The Challenges and Limitations
While AI-powered image-to-image generation offers significant benefits, there are also some challenges and limitations to consider:
- Quality Control: While Stable Diffusion can generate impressive results, there may be variations in image quality and consistency for example within generated 5 images maybe 1 image quality is low but it is rare.
- Copyright Issues: Using generated images for commercial purposes may raise copyright concerns, especially if they closely resemble existing copyrighted works. That’s a sensitive issue/moment for some cases.
- Bias: AI models may inadvertently perpetuate biases present in the training data, leading to biased or discriminatory outputs.
- Time Complexity: Sometimes Stable Diffusion models take 4 to 5 minutes to generate a very high quality pixel image.
- Ethical Considerations: The use of AI-generated images raises ethical questions regarding authenticity, originality, and potential biases in some country or in a specific region or for specific findings of people and their culture.
Technologies Used
There are so many technologies used for completing this project, some are below:
- Stable Diffusion Pretrained Model: A image-to-image generative model based on deep learning.

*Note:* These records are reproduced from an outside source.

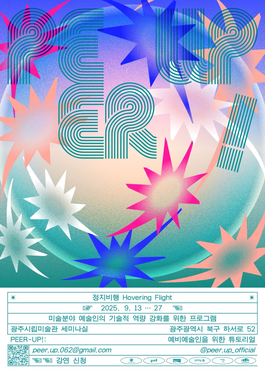 광주·전남·전북 지역의 예비예술인을 대상으로 진행하는 2025년 [PEER-UP!: 예비예술인을 위한 튜토리얼]의 연계 강연 [정지비행]을 개최합니다.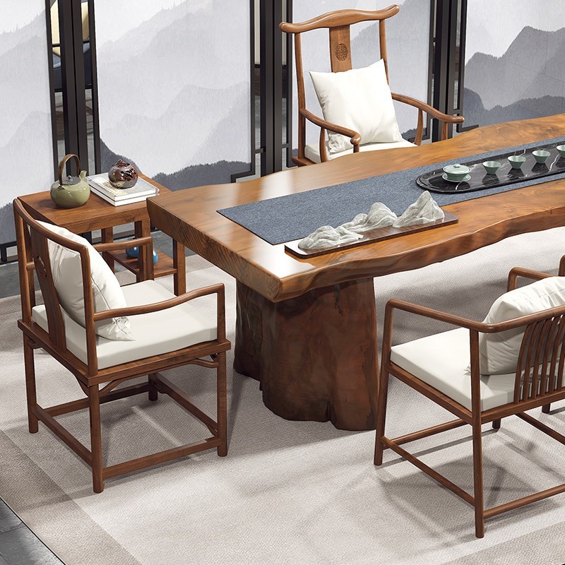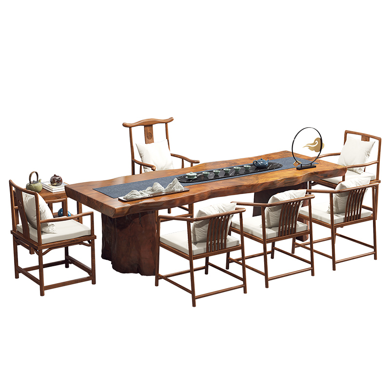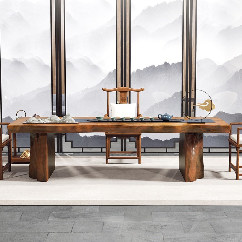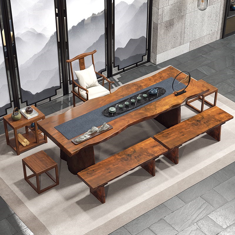 Solid wood large board table log tea table and chair combination simple modern coffee table long table boss desk tea table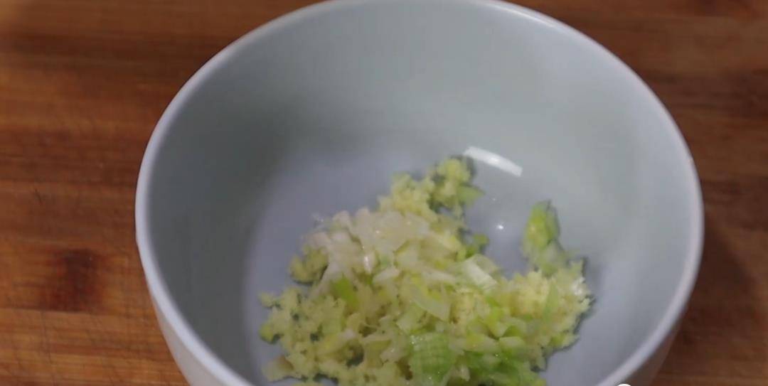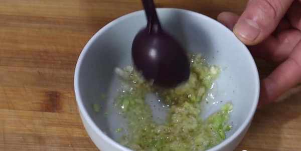 剩下小蔥切碎,然後加入少許的芝麻油。鹽、雞精、鹽H雞粉,少許的白胡椒粉攪拌均勻,然後澆上滾燙的花生油。把它拌勻放在一旁備用。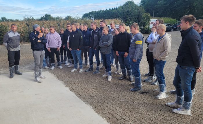 Die nächste Station der Fachexkursion im Rahmen des Modul 6 Optionale Lernangebote waren zwei Hähnchenmastställe Tierwohl Stufe 3 eines Landwirtes in Bösel. Das war eine echte Premiere, denn die Schüler konnten sich den ersten Durchgang der vor kurzem umgebauten, 40 Jahre alten Putenmastställe anschauen. Das Thema Nutzungsänderung von Altgebäuden zu neuen Hähnchenmastställen beschäftigt aufgrund der aktuellen Marktsituation derzeit viele Landwirte.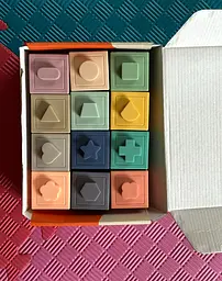 У комплект входить 12 м'яких кубиків, кожна грань яких прикрашена об'ємними зображеннями фруктів, тварин, цифр, математичних символів та геометричних форм. Кубики легко з'єднуються між собою, що сприяє розвитку моторики та уяви. Завдяки м'якому та безпечному матеріалу, кубики можна кусати та використовувати під час купання. Натискаючи на кубик, дитина почує кумедний звук, який викличе усмішку.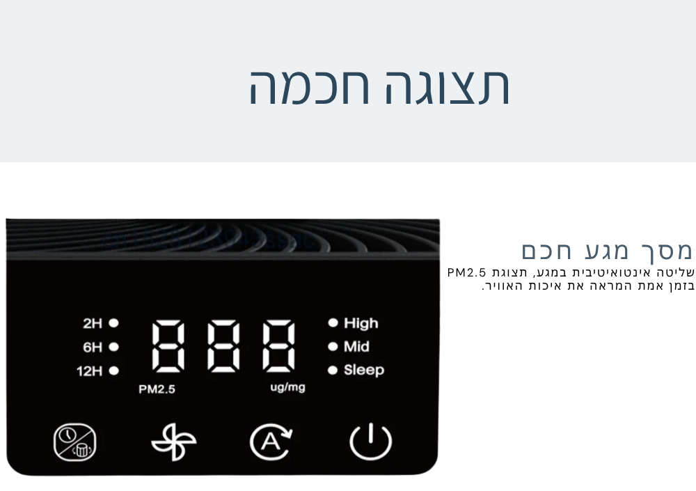 כן. תצוגת ה-PM2.5 הדיגיטלית המובנית מעניקה לך מידע בזמן אמת על איכות האוויר בבית, כך שתדעו תמיד בדיוק מה אתם נושמים.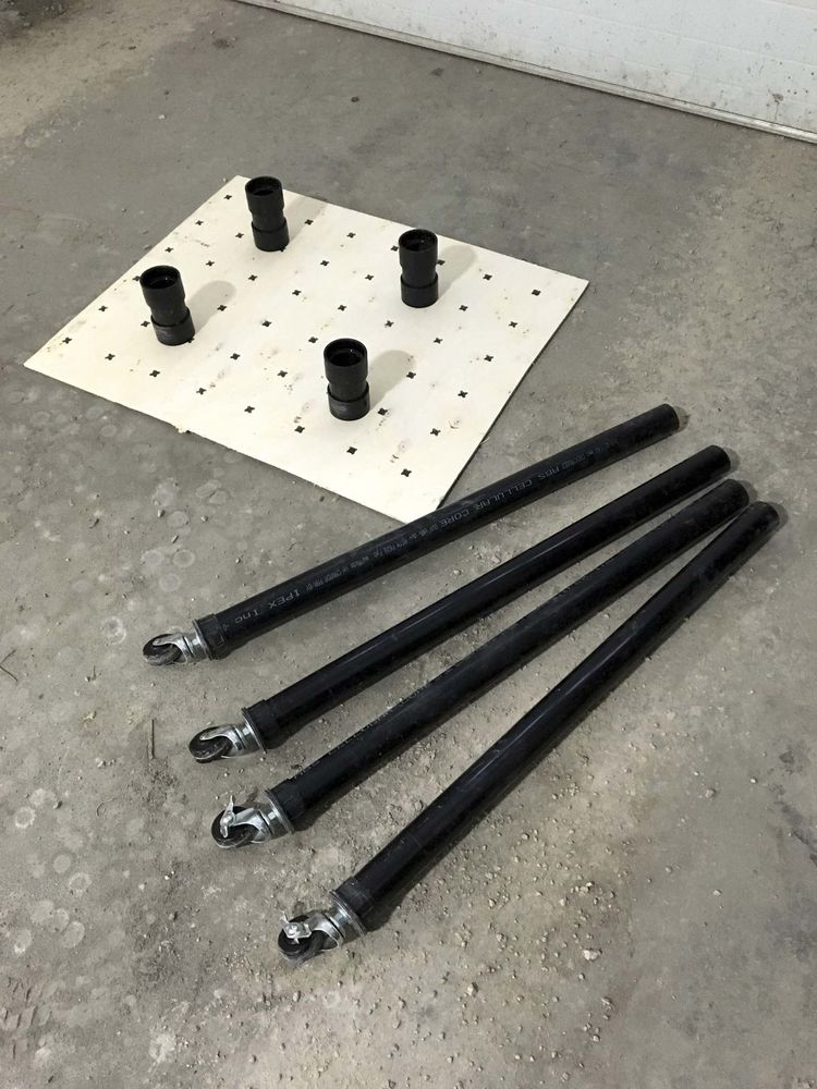ABS pipe sections and castor wheels were used to increase the height of the mobile butcher block just enough to surpass the height of the kitchen island, and provide mobility.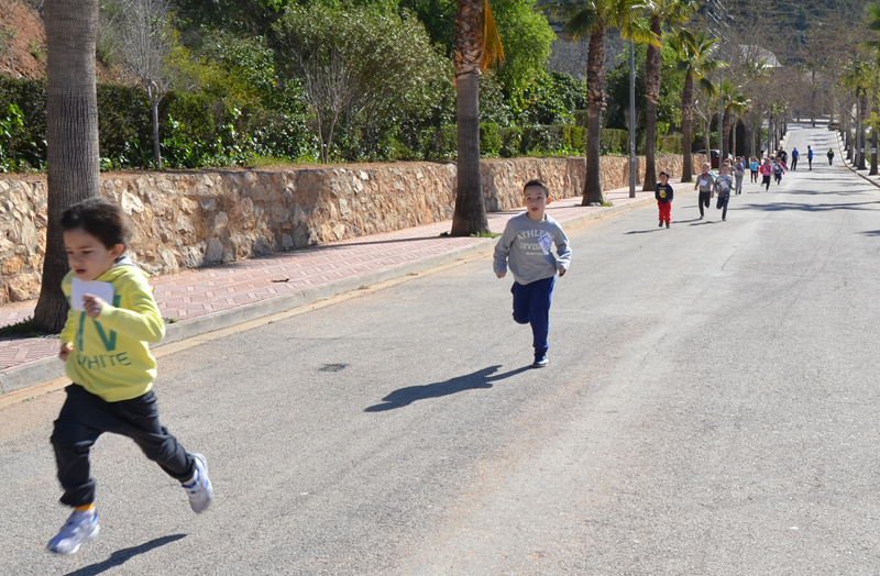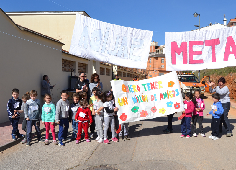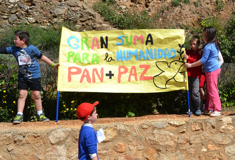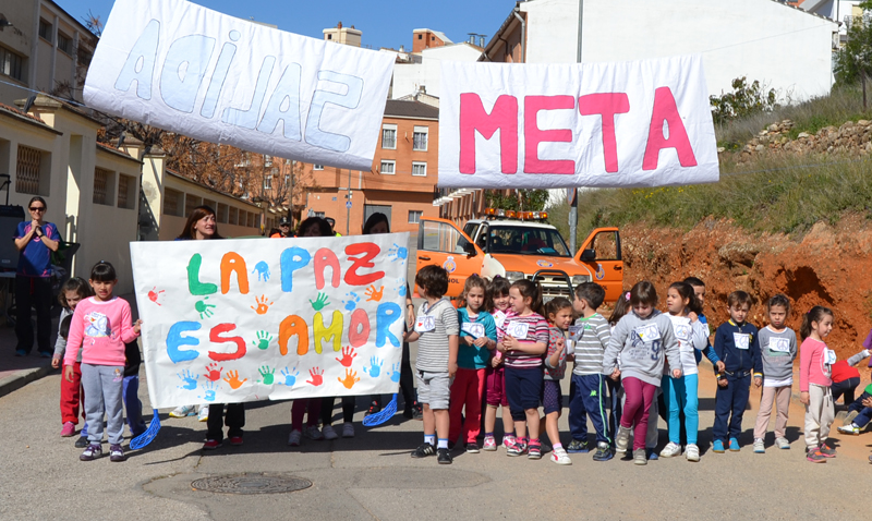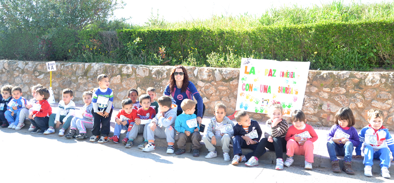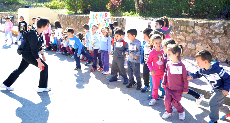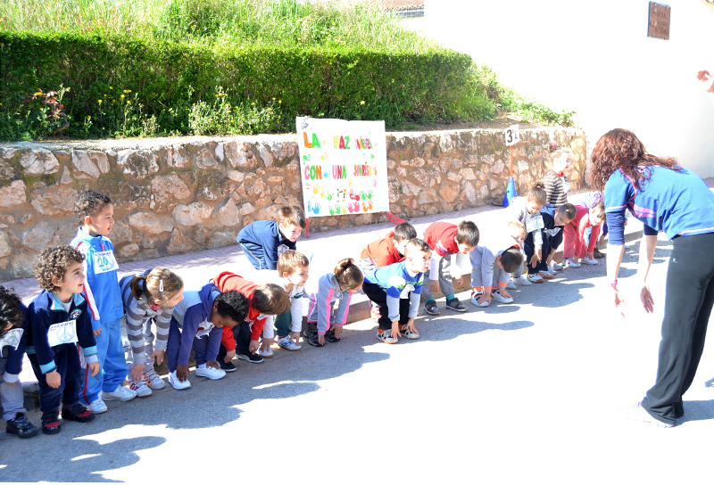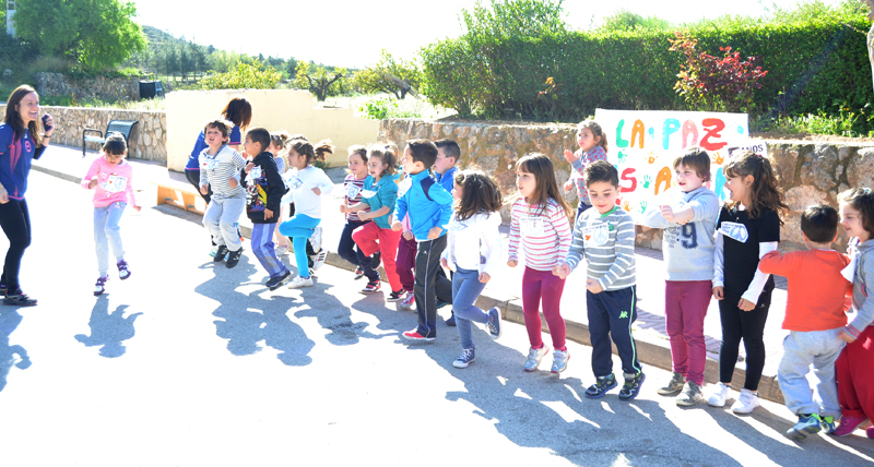 La carrera se dividió en dos turnos. Primero corrieron los más peques, de infantil, de 10 a 11 de la mañana, mientras que de 11.30 a 12.45 horas lo hicieron los alumnos y alumnas de primaria. Cada alumno llevaba un dorsal y cada clase había preparado una pancarta con un lema por la paz. Tras hacer un desfile mostrando sus pancartas, hicieron la carrera y cada grupo recibió un diploma por su participación.

- Deep Learning Framework: A framework such as PyTorch for implementing and training the Stable Diffusion model is used.
- Image Processing Libraries: Libraries like OpenCV, PIL for image manipulation and analysis, and Transformer, ControlNet are the most used libraries.
- CUDA-enabled GPU: For efficient processing of AI models use T4 GPU for image generation for interior, exterior, landscape model.
Conclusion
AI-powered image generation using tools like the Stable Diffusion model represents a transformative approach to design in the architectural and creative industries. By allowing designers to quickly produce and iterate on high-quality images for interiors, exteriors, and landscapes, AI tools save time and costs while increasing accessibility. Despite some limitations, such as hardware requirements and the need for precise prompts, the benefits of speed, flexibility, and cost-effectiveness position AI as a game-changer in the world of design visualization.